We are in the middle of a pretty big home remodel, and just had all new windows installed on Sunday. The installers caulked around the edges of the windows as the final step before they left at around 3/4pm Sunday afternoon. Ever since I have not been able to sleep a wink in the house; the fumes are driving me crazy. Last night I finally took my dog and went to a hotel for the evening.







I don't sleep well in hotels, but I got at least a few hours! I have been keeping all the windows open as much as possible (luckily, we've been having a warm spell here in MD), fans blowing, etc, and the caulk is STILL giving off fumes.

Anyone have any ideas for how I can speed this process along??? I am going to find out the type of caulk they used, hopefully in a few minutes if the installers call me back, but this is absolutely ridiculous. I feel like my house is poisoning me now














:


----------



## ASusan (Jun 6, 2006)

Oh, that sounds awful. I feel for you, as I can't STAND some smells, and fumes are the worst.

First, I'd open ALL the windows, even just crack them if you can.

and...

perhaps turn on the heat?
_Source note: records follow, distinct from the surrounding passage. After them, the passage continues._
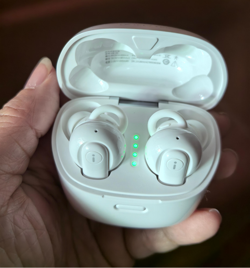 它的这款拿在手里质感扎实,充电盒磁吸设计很贴心。蓝牙直连稳定,看视频基本同步,延迟察觉不到。声音增益做得自然,像有人在耳边轻声复述。依靠的是双核声音处理架构,实时调整还算灵敏。不过周末家庭聚会一屋子人说话,交叉声浪中总漏听几句,反应总有滞后,需要别人重复提醒。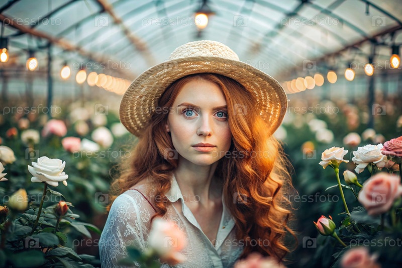 Портрет красивого садовника с рыжими волосами в соломенной шляпе, работающего с розами в стеклянной теплице
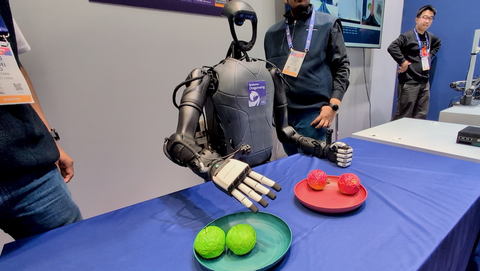 Atlasが使い勝手を強調するように、産業用ロボットは本体の機能や汎用性の高さに加え、運用のしやすさも重要になる。米Qualcommは、ベトナムのロボットスタートアップVinMotionとともに、さまざまな現場で使えるヒューマノイドロボット「VinMotion 2」を公開した。狭い場所でも人にぶつからずに歩いたり、モノの色やカタチを見分けて掴みあげたりするデモを披露していた(写真3)。
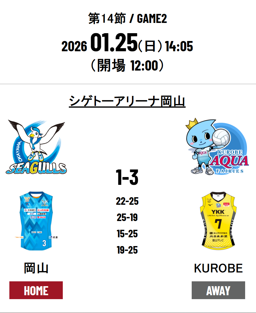 Okayama Seagulls 1 - 3 KUROBE Aqua Fairies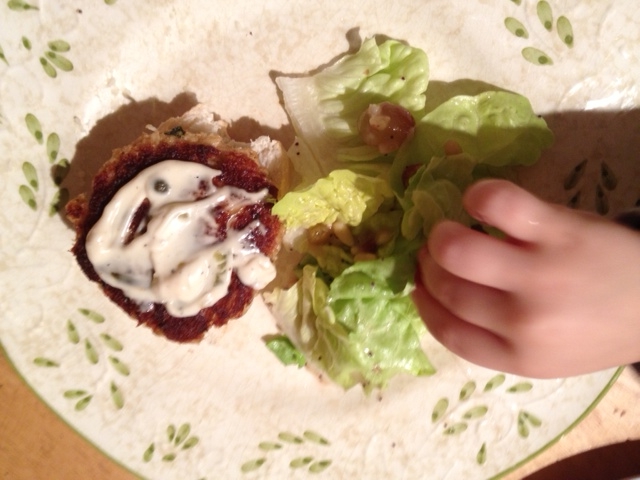 As I learned when I picked up one of these golden patties and put it in my mouth. It was a crab cake! Mama kept it simple and followed the recipe on the side of the can, but she said you have to pick through the crab just to be sure there are no bits of shell. She fried them in oil, and while they were frying, she made tartar sauce: mayo, capers, relish, Worcestershire sauce, salt & pepper (all to taste). “Oooh, capers!” I said, as I dipped my crab cake in it. It probably wasn’t my favorite thing to eat, but I ate almost the whole thing…until my tartar sauce ran out.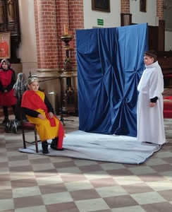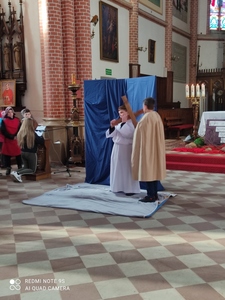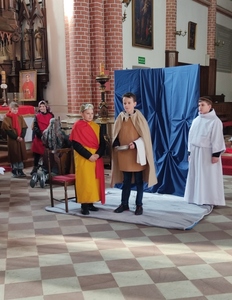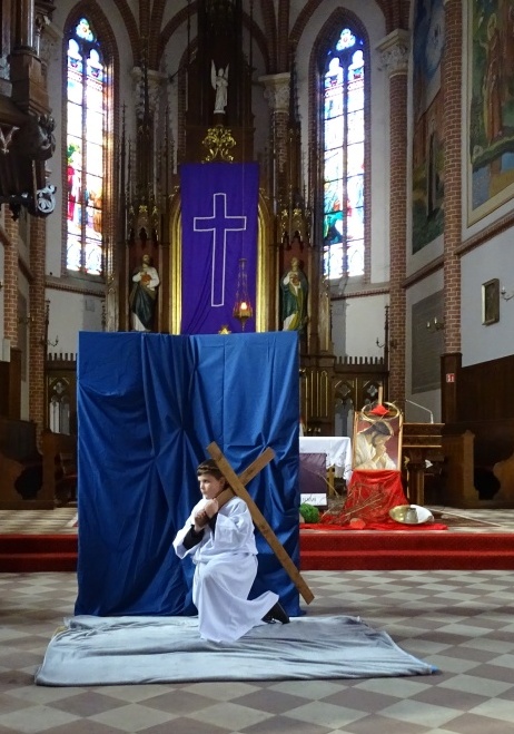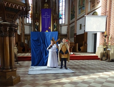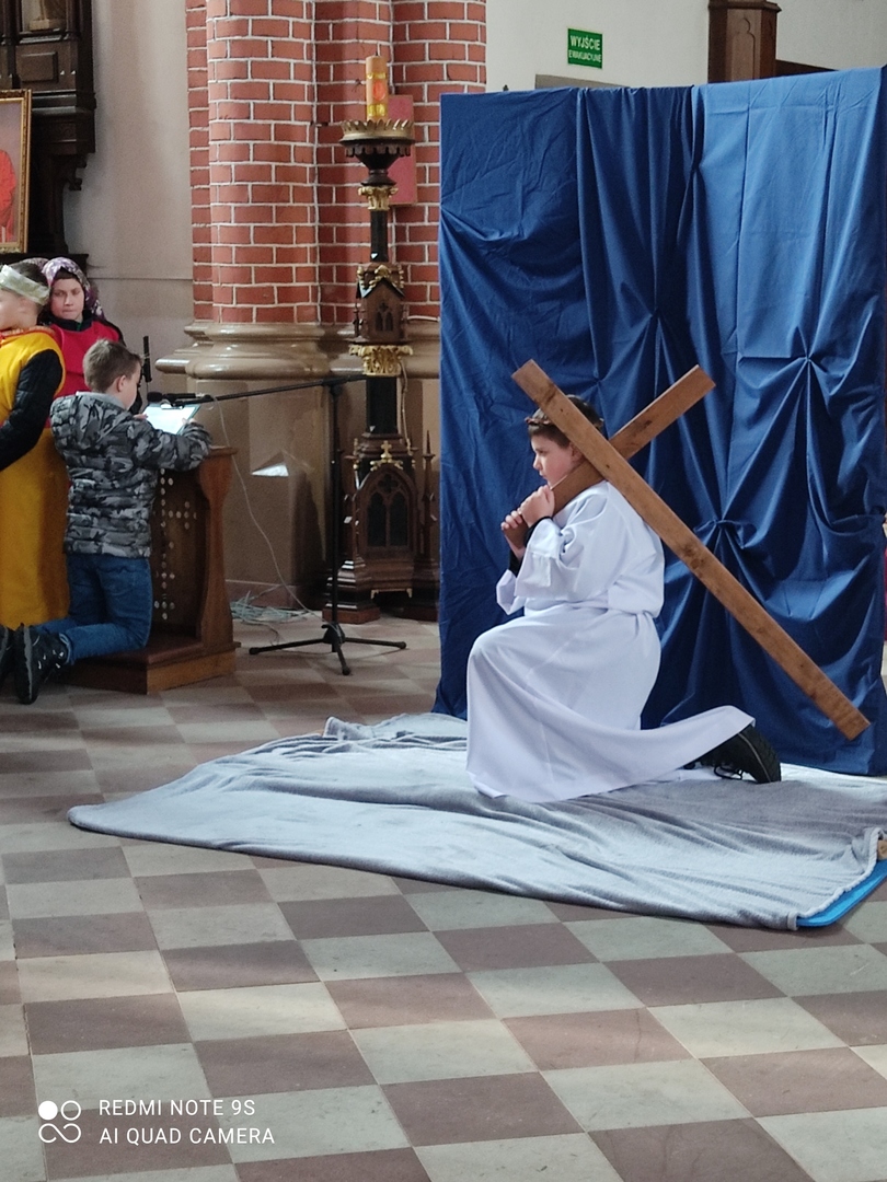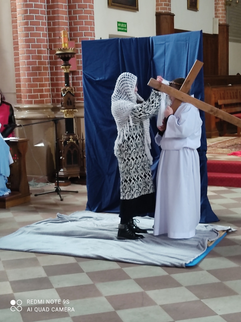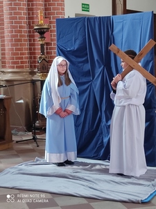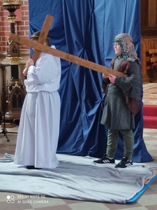 W piątek 8 kwietnia podczas Drogi Krzyżowej mogliśmy zobaczyć krótką inscenizację z ostatnich chwil życia Jezusa. W klimat wydarzeń sprzed 2000 lat wprowadzili nas uczniowie uczestniczący w zajęciach kółka religijnego. Podczas Drogi Krzyżowej spotkaliśmy w kościele m.in.: Poncjusza Piłata, Matkę Jezusa Maryję, Szymona Cyrenejczyka, Świętą Weronikę ocierającą umęczoną twarz Jezusa oraz niewiasty jerozolimskie towarzyszące Jezusowi w drodze na Golgotę.

If your heat is a "drying" type of heat, it may help the caulk cure faster.

and...stay out of the house as much as possible.


----------



## Catherine12 (May 15, 2006)

I have a tube of window and door caulk (acrylic latex plus silicone) lying around which is probably similar to what they used.

On the back it it says that it contains a substance "known to the state of California to cause cancer" (don't you just love how California is so much more knowledgeable than the rest of the country?) It says to use with adequate ventilation.

However, most of their warning applied to not breathing it in if you sand it, so just breathing the drying caulk fumes is probably not too bad. It shouldn't take more than a couple days for the scent to disperse.


----------



## jocelyndale (Aug 28, 2006)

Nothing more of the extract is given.